## INFORMATION GIVEN
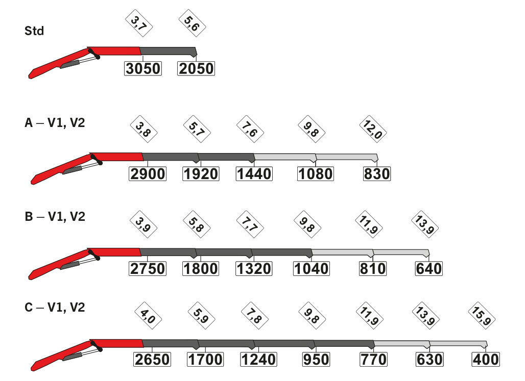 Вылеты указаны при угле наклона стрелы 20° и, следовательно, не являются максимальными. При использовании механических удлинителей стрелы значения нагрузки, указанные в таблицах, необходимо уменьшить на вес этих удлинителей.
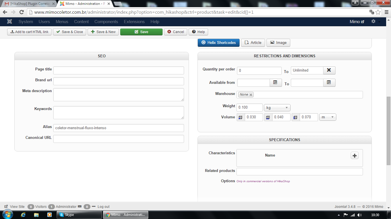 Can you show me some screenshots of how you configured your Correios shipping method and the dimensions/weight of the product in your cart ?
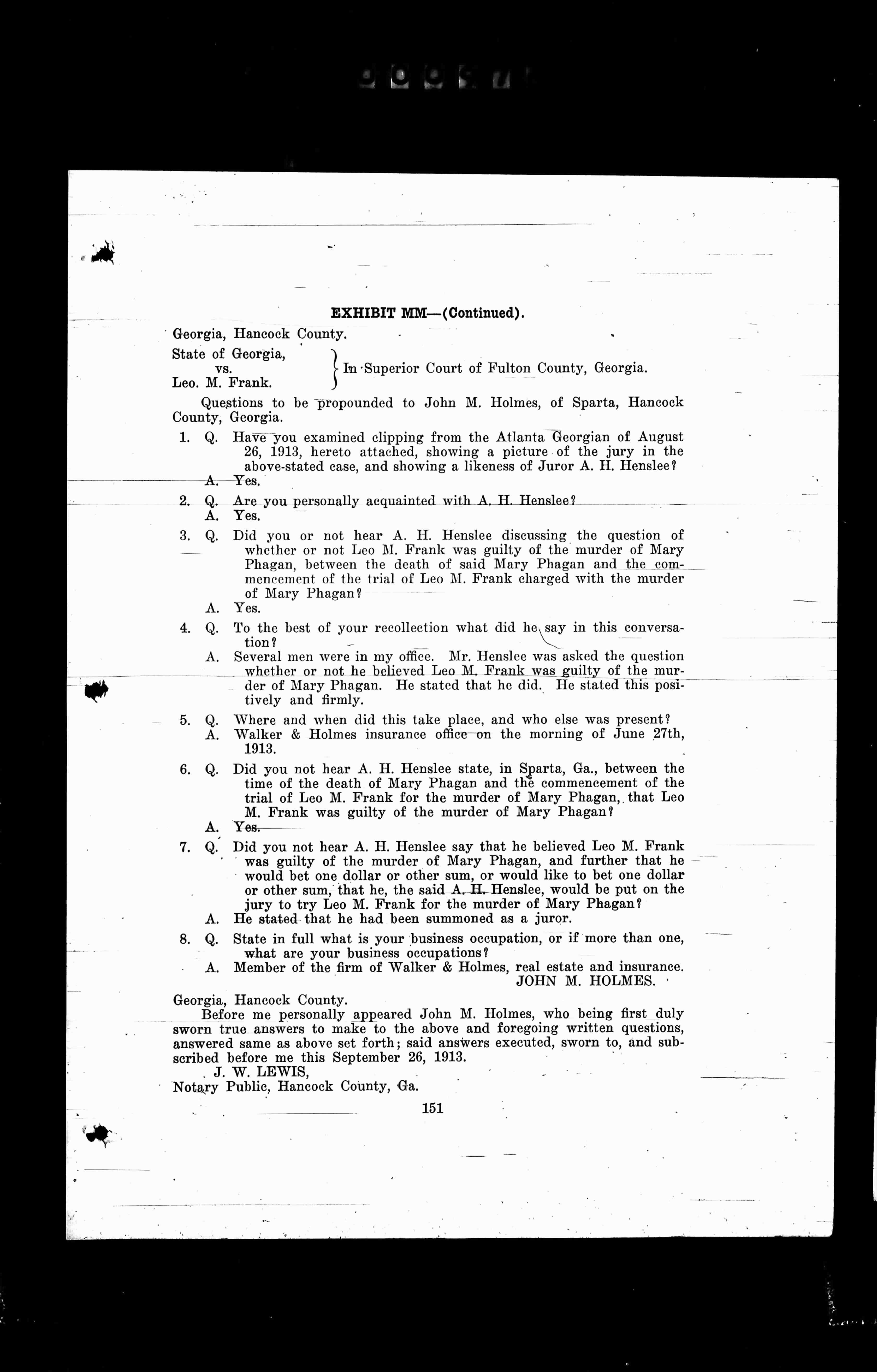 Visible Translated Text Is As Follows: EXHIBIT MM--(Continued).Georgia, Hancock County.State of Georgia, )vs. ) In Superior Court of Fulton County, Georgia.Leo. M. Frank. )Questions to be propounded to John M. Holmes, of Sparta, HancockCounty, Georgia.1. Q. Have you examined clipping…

...

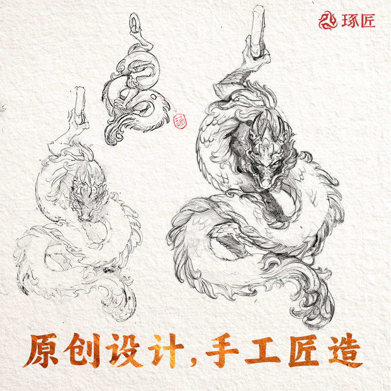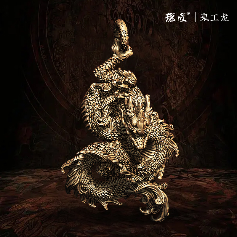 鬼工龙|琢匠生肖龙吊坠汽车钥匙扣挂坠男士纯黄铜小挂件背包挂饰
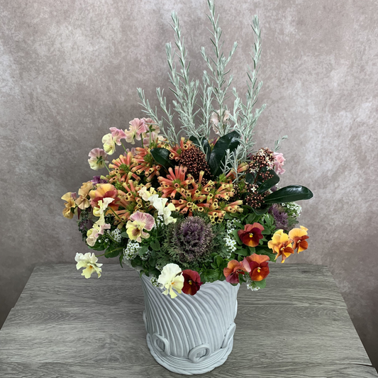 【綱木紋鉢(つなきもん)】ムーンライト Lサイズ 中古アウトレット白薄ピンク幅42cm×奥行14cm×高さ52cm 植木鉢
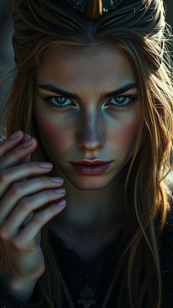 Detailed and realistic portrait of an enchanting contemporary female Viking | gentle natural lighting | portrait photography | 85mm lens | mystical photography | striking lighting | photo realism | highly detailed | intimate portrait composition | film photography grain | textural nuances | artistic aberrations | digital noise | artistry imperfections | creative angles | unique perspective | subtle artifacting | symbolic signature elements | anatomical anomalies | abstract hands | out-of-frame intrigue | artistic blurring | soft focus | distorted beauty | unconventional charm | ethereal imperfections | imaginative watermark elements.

## EXERCISE
In the entries above, find the line that contains "Can you show" and the line that contains "Visible Translated Text". Reproduce exactly those two lines and every line between them, but not the pictures.

## RESPONSE TO THIS TASK
 Can you show me some screenshots of how you configured your Correios shipping method and the dimensions/weight of the product in your cart ?
 Visible Translated Text Is As Follows: EXHIBIT MM--(Continued).Georgia, Hancock County.State of Georgia, )vs. ) In Superior Court of Fulton County, Georgia.Leo. M. Frank. )Questions to be propounded to John M. Holmes, of Sparta, HancockCounty, Georgia.1. Q. Have you examined clipping…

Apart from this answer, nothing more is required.